__WHAT THE TASK REQUIRES__:
Return the records as they stand. No picture is to be included.

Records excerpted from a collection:
===
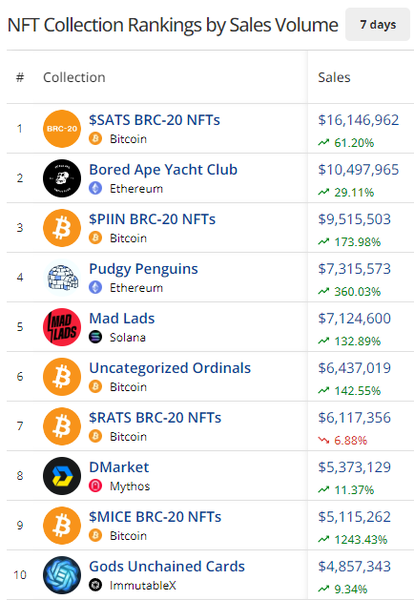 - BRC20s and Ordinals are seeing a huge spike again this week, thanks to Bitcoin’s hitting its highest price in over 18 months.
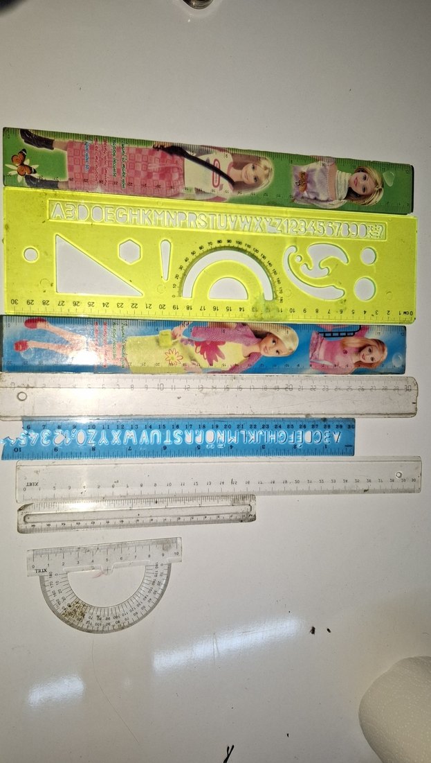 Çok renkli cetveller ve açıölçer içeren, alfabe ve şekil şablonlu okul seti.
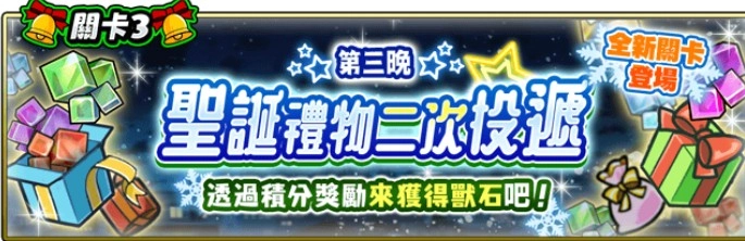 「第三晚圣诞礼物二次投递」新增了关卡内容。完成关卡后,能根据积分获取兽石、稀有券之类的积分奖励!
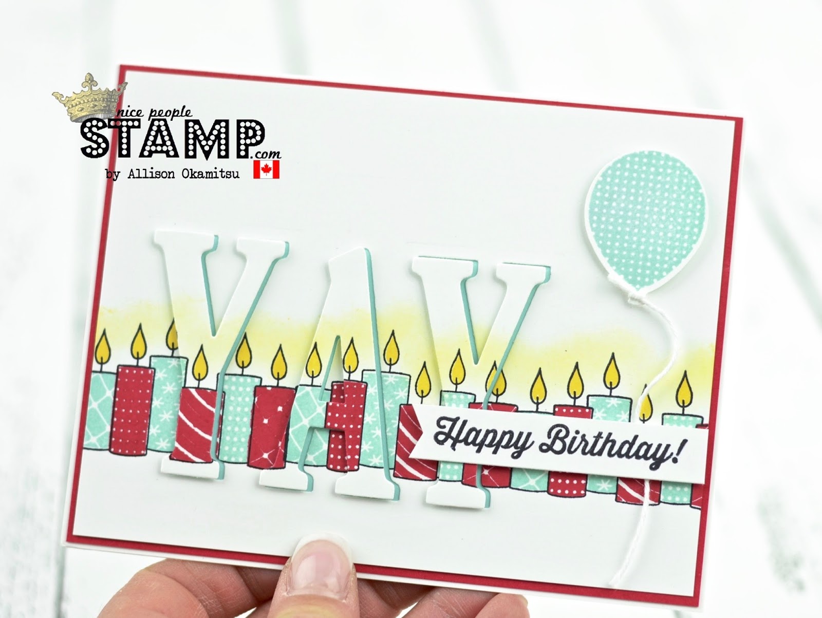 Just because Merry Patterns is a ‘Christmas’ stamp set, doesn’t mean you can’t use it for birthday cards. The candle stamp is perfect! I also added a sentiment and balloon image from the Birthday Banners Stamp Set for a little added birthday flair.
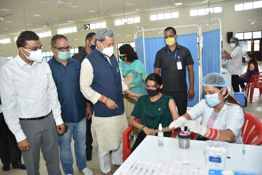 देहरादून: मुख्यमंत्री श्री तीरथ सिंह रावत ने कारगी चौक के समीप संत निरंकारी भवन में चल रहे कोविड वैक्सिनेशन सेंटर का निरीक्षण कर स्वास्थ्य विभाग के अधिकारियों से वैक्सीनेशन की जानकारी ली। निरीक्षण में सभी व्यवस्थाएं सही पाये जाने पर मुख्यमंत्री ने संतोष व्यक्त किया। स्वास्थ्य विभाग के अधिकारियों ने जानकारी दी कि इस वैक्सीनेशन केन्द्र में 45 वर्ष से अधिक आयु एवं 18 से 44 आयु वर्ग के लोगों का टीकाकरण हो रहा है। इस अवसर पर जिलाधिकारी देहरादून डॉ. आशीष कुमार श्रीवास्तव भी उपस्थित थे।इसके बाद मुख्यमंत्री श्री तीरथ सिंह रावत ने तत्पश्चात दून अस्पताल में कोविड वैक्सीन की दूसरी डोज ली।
===
__OUTPUT__:
 - BRC20s and Ordinals are seeing a huge spike again this week, thanks to Bitcoin’s hitting its highest price in over 18 months.
 Çok renkli cetveller ve açıölçer içeren, alfabe ve şekil şablonlu okul seti.
 「第三晚圣诞礼物二次投递」新增了关卡内容。完成关卡后,能根据积分获取兽石、稀有券之类的积分奖励!
 Just because Merry Patterns is a ‘Christmas’ stamp set, doesn’t mean you can’t use it for birthday cards. The candle stamp is perfect! I also added a sentiment and balloon image from the Birthday Banners Stamp Set for a little added birthday flair.
 देहरादून: मुख्यमंत्री श्री तीरथ सिंह रावत ने कारगी चौक के समीप संत निरंकारी भवन में चल रहे कोविड वैक्सिनेशन सेंटर का निरीक्षण कर स्वास्थ्य विभाग के अधिकारियों से वैक्सीनेशन की जानकारी ली। निरीक्षण में सभी व्यवस्थाएं सही पाये जाने पर मुख्यमंत्री ने संतोष व्यक्त किया। स्वास्थ्य विभाग के अधिकारियों ने जानकारी दी कि इस वैक्सीनेशन केन्द्र में 45 वर्ष से अधिक आयु एवं 18 से 44 आयु वर्ग के लोगों का टीकाकरण हो रहा है। इस अवसर पर जिलाधिकारी देहरादून डॉ. आशीष कुमार श्रीवास्तव भी उपस्थित थे।इसके बाद मुख्यमंत्री श्री तीरथ सिंह रावत ने तत्पश्चात दून अस्पताल में कोविड वैक्सीन की दूसरी डोज ली।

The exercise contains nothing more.